Credit: Angga Dwimas Sasongko/IFFR
by Travis DeShong Film

13 Bombs — Angga Dwimas Sasongko [IFFR ’24 Review]

February 2, 2024

Like many films gunning to establish an immediately serious tone, Angga Dwimas Sasongko’s 13 Bombs begins with sobering news reports. One newscaster outlines Indonesia’s slow economic growth, falling exports, and the Minister of Finance’s position that its people must frugally manage the downturn. As the radio plays, a mysterious man going by Arok cocks a gun and heads out for a mission. Another reporter references the president’s statements on the recession. She claims to desire protecting the public over the financial sector, but certainly doesn’t convince the security guard complaining to his partner about his ballooning mortgage. These two are about to be blown to hell as the mysterious man appears with an RPG. He and other militants gun down the remaining guards — the score during the mayhem heavily evoking Hans Zimmer’s theme for The Joker in The Dark Knight — and then blow open the armored truck so any nearby bystanders can stuff their pockets with the money inside. The local police contact the Indonesian Bureau of Counterterrorism; so begins a cat-and-mouse game to defeat the militants, who have twelve more bombs planted around the city. Oscar (Chicco Kurniawan) and William (Ardhito Pramono), two cryptocurrency exchange founders whom Arok involves in the conflict, along with William’s fiancée Agnes (Lutesha), are the final pieces on the board.

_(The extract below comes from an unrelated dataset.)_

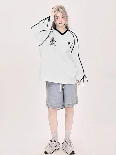 2024 秋冬 トレンド トップス 長袖 かわいいTシャツレディース韓国風ロゴロングルーズネックゆったりカジュアルおしゃれサイズスリーブシルエットファッション系サイド 衣装シャツフットスウエット春

For a film packed with ideas, 13 Bombs is wholly lacking in subtlety. The film seems to expect the viewer to take it at face value. The dialogue, when not crippled by clunky exposition, occasionally veers into comically absurd territory as characters vocalize information that both they and the audience should instantly be able to apprehend (“Bitcoin. Stock exchange. This [conflict] must be related to the financial system.”) Not only does the uninspired score repeatedly insist on what it wishes for a viewer to feel during a scene, but it is also incessant; it plays for almost the entirety of the nearly two-and-a-half-hour runtime. The goal may have been to create a gripping audio landscape that engrosses the viewer, but the result is a repetitive, groan-inducing din that eats away at the film’s vitality. Perhaps, at least for this critic, it’s also a bit headache-inducing, as much as the consistently dizzying camera rolls that don’t produce the sort of unease they’re attempting. Other aspects — the range of solid-at-best to kind of shaky acting, the artificiality of the sets, the network drama-esque level of camerawork in the non-set piece scenes — aren’t truly issues, as they ultimately feel par for the course for a film of this ilk. Standout action and storytelling are what would elevate 13 Bombs.

The film sets out to balance the kinetic, stripped-down pyrotechnics of the low-budget DTV action film with a thoughtful exploration of the tensions between morality and ideology, the sources of extremism, and the necessity of economic revolution. The action — not including one particular duel at the climax — is serviceable, but so sauceless, so lacking in distinctive flair, that it’s not even that welcome of a treat when the bullets start flying. The biggest letdown, however, is the story’s unexpected shallowness, given the richer depths it nods to. Arok is driven by his personal loss and noble goals to commit terrible acts. The counterterrorism agency is ultimately a bureaucratic arm of the state, defending the status quo and the decency it currently supports. Oscar, William, and Agnes are stuck in the middle, fending for their lives and taking matters into their own hands. The young trio’s experiences could be said to represent one vision of the next generations’ ideal pathway to changing the future: leveraging extra-institutional energies while still respecting the structure and process of the powers that be. A shame, then, that in execution, this setup is reduced to a matchup between good guys and bad guys, with the bad guys all sharing the same tragic backstory template that comes off as lazy, while also flattening their humanity. 13 Bombs also utilizes the copout of making its villain needlessly bloodthirsty, solely to show that no matter how altruistic or revolutionary his aims may be, he has at core become (or always been) an antisocial, nihilistic monster and must be put down. This film has a narrative setup that calls attention to too many fascinating dynamics to be a film “best enjoyed with your brain powered off.” The problem is it never fleshes out these dynamics more fully or examines them more critically, instead opting for a by-the-numbers shoot-em-up template too noisy to be relegated to the background. Barely passable at best, 13 Bombs could have been a blast if it wasn’t so uninterested in what it truly had in its arsenal.


Published as part of IFFR 2024 — Dispatch 2.